## WHAT NEEDS TO BE DONE
For this exercise, output the entries below exactly from the line that holds "Вариант второй. Электродрель" to the line that holds "Un dessin de", both ends included. No pictures belong in the copy.

..............................

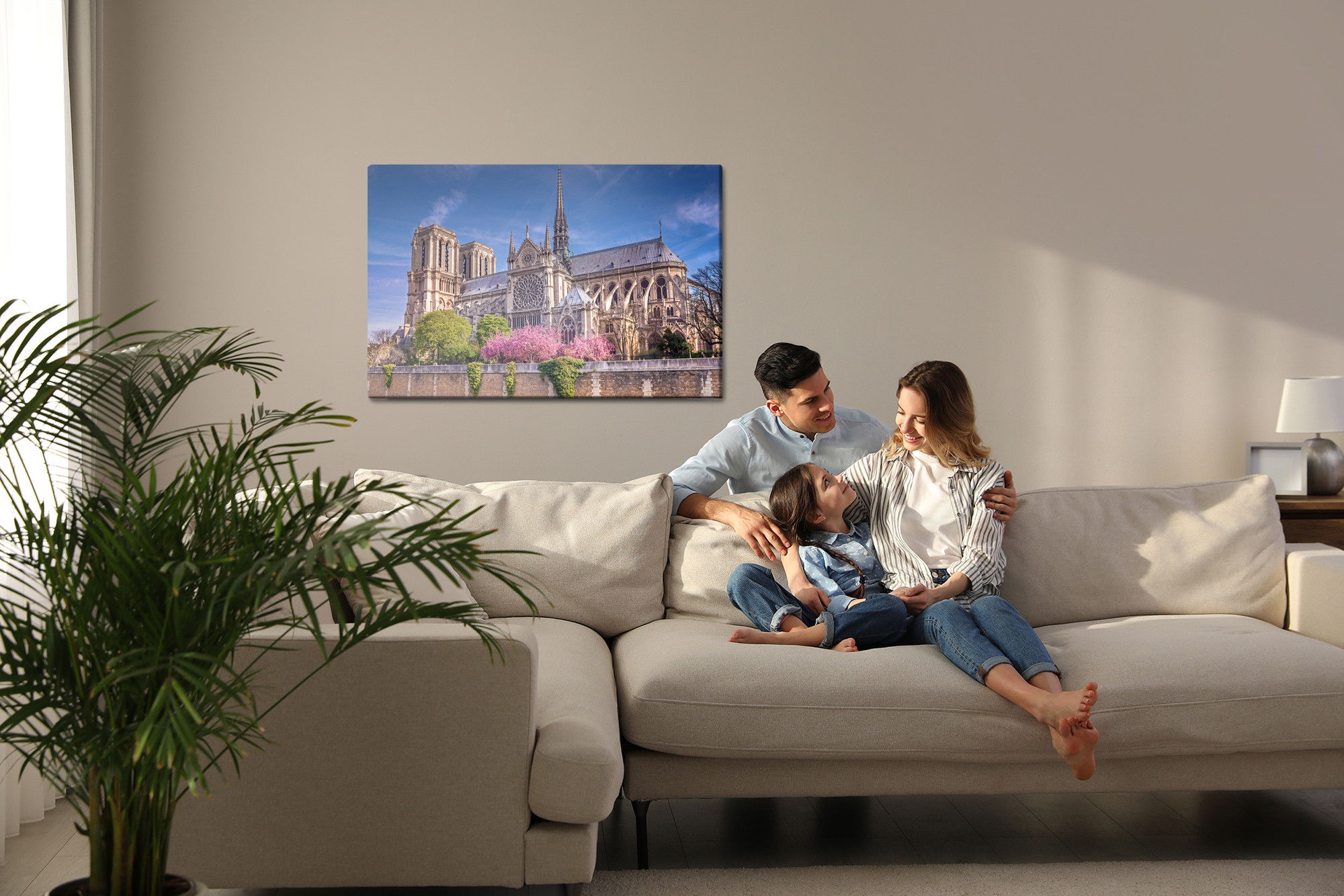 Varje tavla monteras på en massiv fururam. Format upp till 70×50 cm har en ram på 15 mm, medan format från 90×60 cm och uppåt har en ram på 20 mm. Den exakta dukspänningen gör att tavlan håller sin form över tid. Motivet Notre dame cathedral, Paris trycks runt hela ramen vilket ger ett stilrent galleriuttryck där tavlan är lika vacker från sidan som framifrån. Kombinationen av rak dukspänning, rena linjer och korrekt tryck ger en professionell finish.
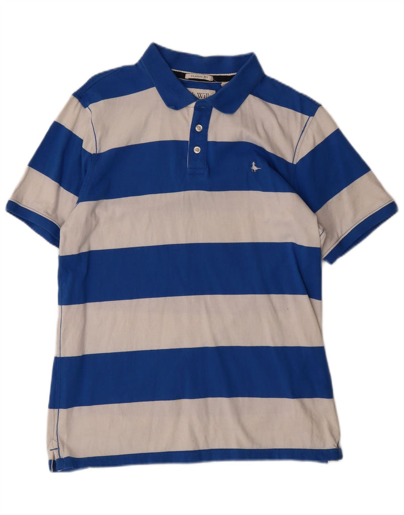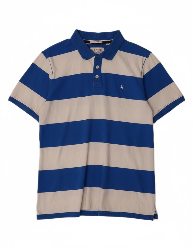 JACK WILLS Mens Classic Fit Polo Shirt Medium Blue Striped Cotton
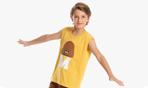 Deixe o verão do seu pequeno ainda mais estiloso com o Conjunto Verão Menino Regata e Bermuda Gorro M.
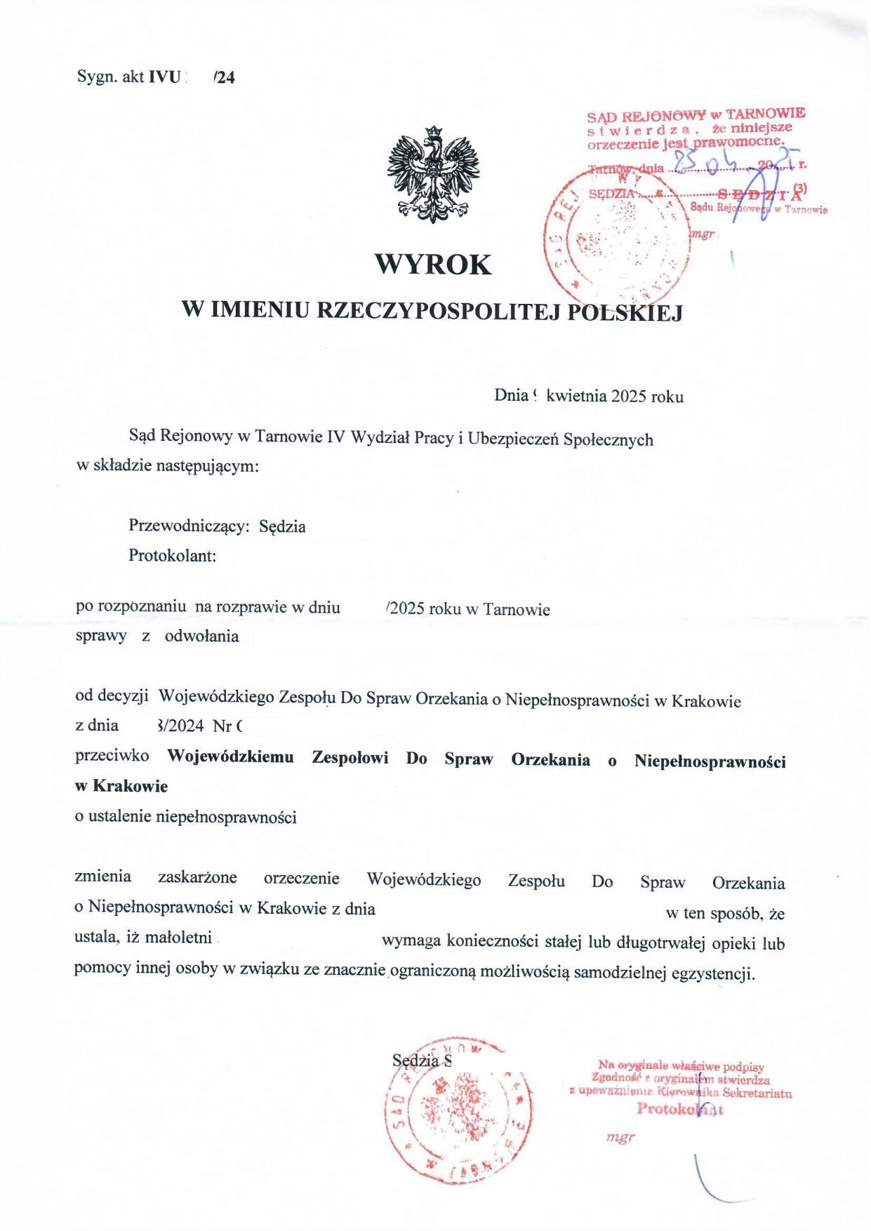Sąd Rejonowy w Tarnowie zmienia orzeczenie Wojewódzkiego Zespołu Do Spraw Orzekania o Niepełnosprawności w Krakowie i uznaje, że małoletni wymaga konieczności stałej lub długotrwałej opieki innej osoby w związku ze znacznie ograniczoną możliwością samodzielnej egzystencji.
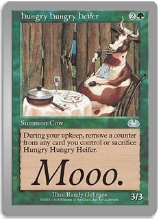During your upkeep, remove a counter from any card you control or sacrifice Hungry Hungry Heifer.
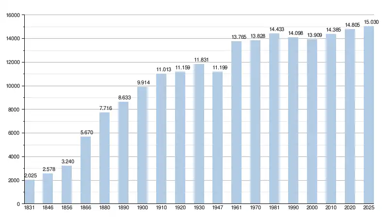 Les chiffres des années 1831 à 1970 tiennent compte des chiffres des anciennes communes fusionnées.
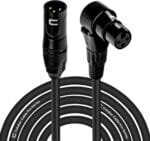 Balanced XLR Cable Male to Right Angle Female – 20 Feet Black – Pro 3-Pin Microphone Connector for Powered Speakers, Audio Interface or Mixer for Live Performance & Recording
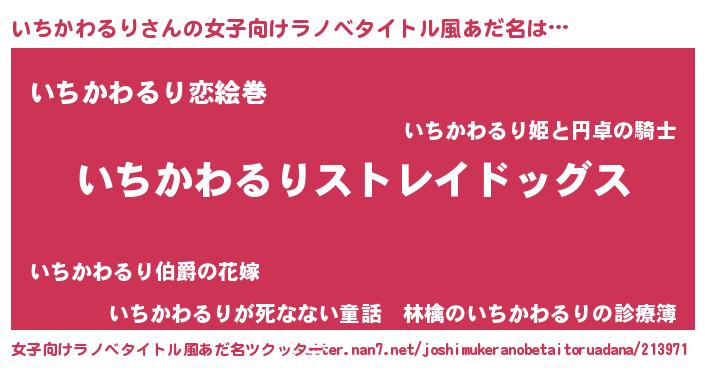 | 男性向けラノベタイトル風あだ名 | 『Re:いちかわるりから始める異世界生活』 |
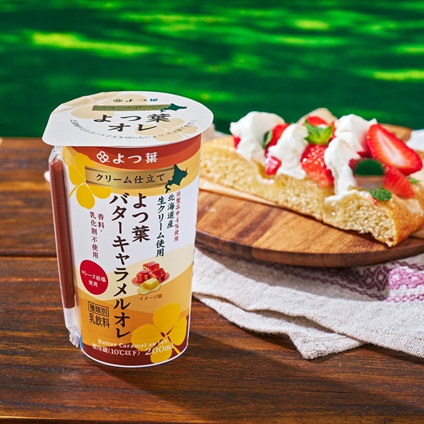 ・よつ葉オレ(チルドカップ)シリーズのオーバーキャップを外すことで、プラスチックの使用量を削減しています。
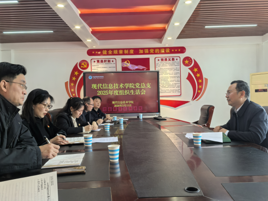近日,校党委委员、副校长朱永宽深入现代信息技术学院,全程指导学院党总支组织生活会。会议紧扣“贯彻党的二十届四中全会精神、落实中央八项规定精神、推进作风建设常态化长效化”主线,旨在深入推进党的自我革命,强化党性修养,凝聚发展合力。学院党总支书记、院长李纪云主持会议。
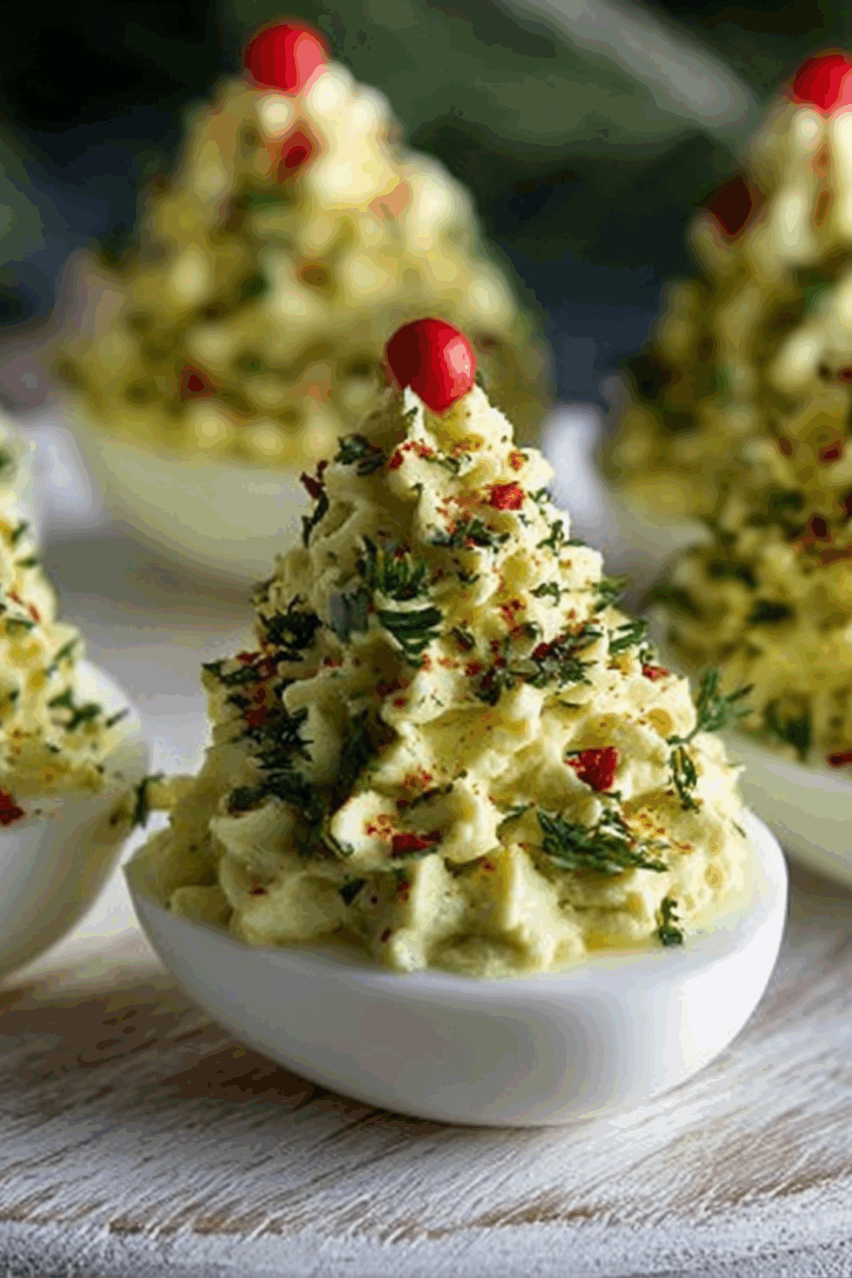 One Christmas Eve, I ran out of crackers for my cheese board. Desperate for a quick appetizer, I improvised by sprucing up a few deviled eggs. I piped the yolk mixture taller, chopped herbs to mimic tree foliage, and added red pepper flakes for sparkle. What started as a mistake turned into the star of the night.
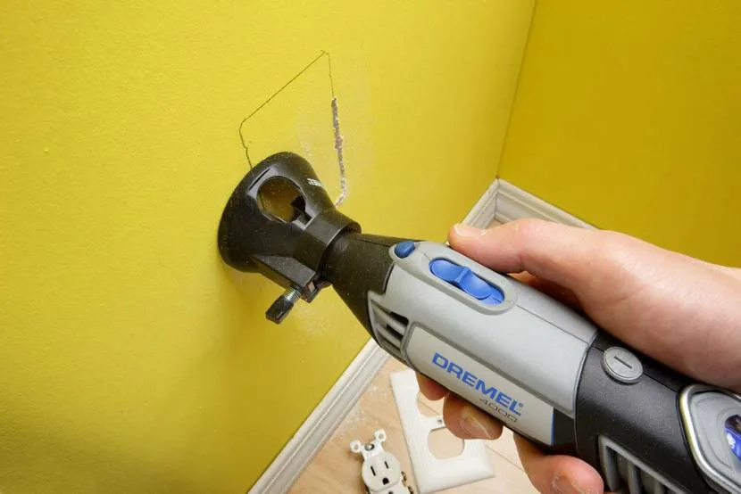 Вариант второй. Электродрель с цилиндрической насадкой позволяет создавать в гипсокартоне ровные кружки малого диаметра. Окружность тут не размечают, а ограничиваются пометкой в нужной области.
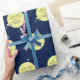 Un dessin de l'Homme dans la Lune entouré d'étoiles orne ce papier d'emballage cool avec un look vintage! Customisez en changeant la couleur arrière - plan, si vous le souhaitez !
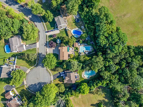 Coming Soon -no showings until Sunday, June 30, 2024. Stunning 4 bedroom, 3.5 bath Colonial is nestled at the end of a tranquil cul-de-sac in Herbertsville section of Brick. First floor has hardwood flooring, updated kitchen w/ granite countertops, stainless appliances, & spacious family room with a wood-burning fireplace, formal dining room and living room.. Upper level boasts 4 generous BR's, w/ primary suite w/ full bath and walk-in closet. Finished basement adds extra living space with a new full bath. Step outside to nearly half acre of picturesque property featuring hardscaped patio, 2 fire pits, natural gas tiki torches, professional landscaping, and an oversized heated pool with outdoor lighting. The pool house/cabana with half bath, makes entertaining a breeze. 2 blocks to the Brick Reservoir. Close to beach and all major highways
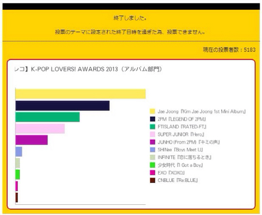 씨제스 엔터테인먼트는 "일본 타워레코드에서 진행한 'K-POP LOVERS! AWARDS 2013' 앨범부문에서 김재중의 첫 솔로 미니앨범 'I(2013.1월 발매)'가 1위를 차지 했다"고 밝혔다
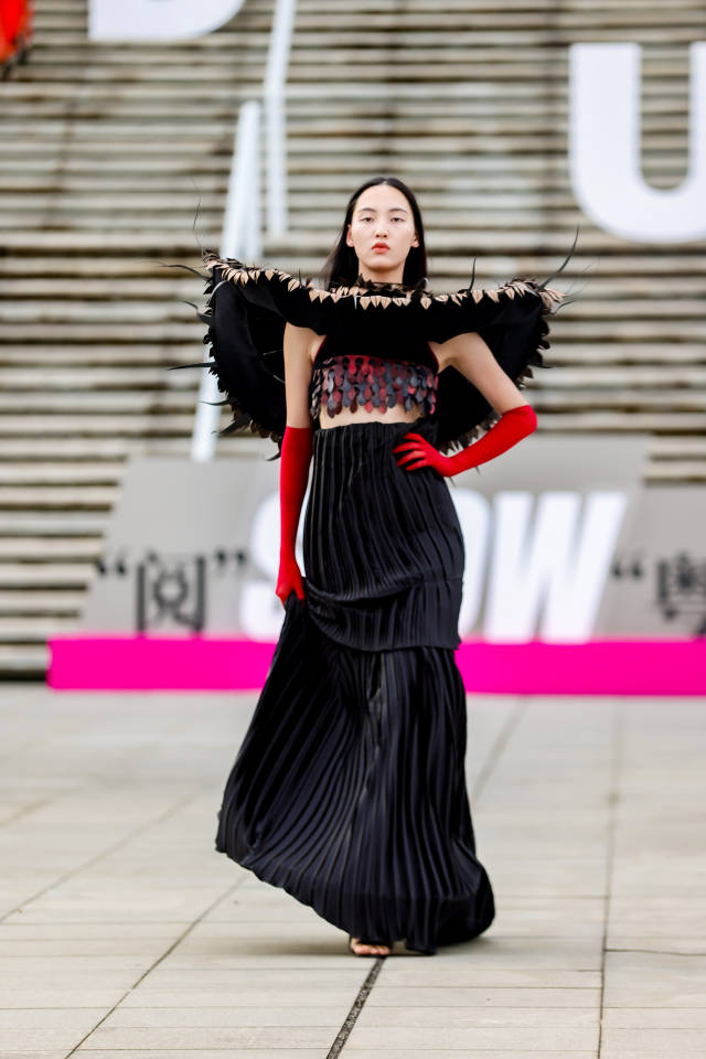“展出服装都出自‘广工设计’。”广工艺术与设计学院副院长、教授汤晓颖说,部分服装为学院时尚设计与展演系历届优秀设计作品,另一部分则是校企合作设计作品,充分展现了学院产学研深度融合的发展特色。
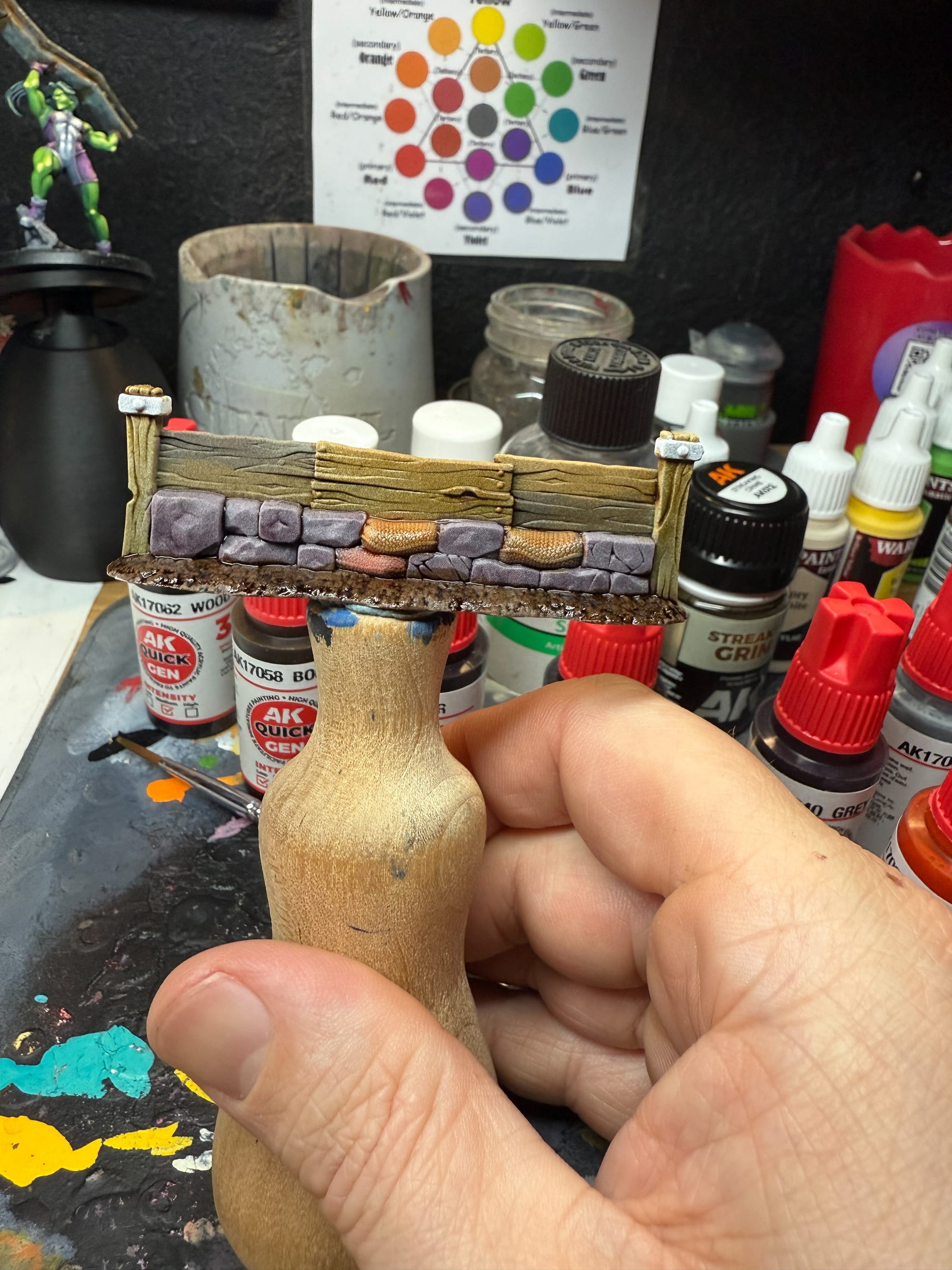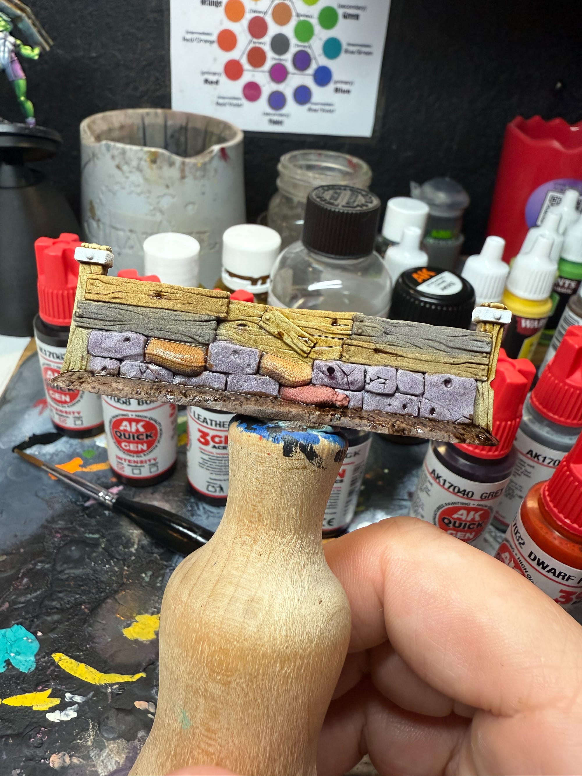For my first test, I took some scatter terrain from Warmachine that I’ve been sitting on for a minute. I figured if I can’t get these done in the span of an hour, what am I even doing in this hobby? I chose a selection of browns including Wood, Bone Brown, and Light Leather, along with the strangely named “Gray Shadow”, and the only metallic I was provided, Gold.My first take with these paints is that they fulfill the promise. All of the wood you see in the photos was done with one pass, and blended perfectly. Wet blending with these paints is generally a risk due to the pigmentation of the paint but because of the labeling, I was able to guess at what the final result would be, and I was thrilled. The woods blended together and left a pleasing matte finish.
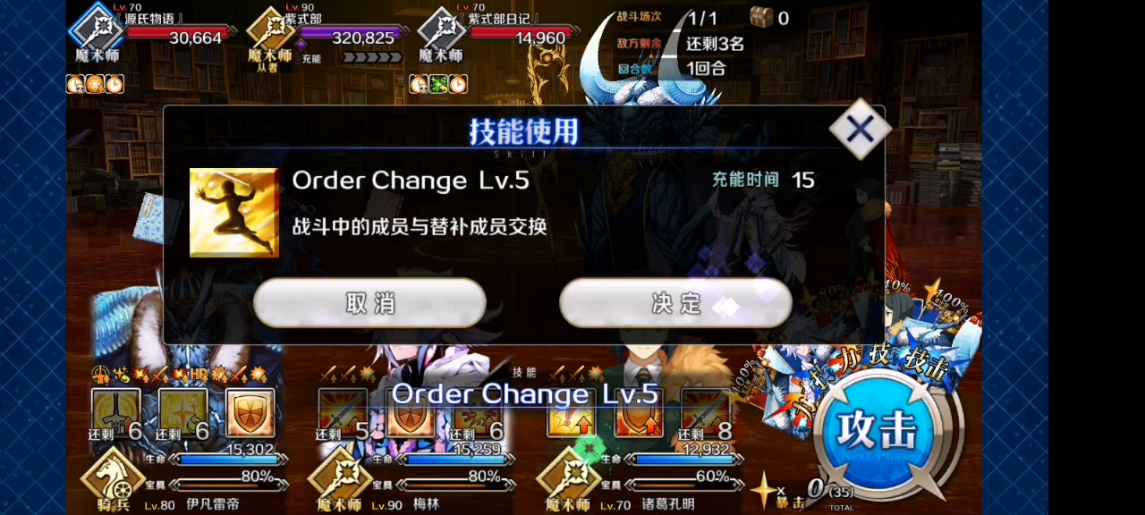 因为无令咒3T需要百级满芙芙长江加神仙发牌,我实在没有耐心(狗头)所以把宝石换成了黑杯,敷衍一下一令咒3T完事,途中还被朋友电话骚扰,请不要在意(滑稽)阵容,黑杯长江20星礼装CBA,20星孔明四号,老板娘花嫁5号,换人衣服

..............................

## RESULT
 Вариант второй. Электродрель с цилиндрической насадкой позволяет создавать в гипсокартоне ровные кружки малого диаметра. Окружность тут не размечают, а ограничиваются пометкой в нужной области.
 Un dessin de l'Homme dans la Lune entouré d'étoiles orne ce papier d'emballage cool avec un look vintage! Customisez en changeant la couleur arrière - plan, si vous le souhaitez !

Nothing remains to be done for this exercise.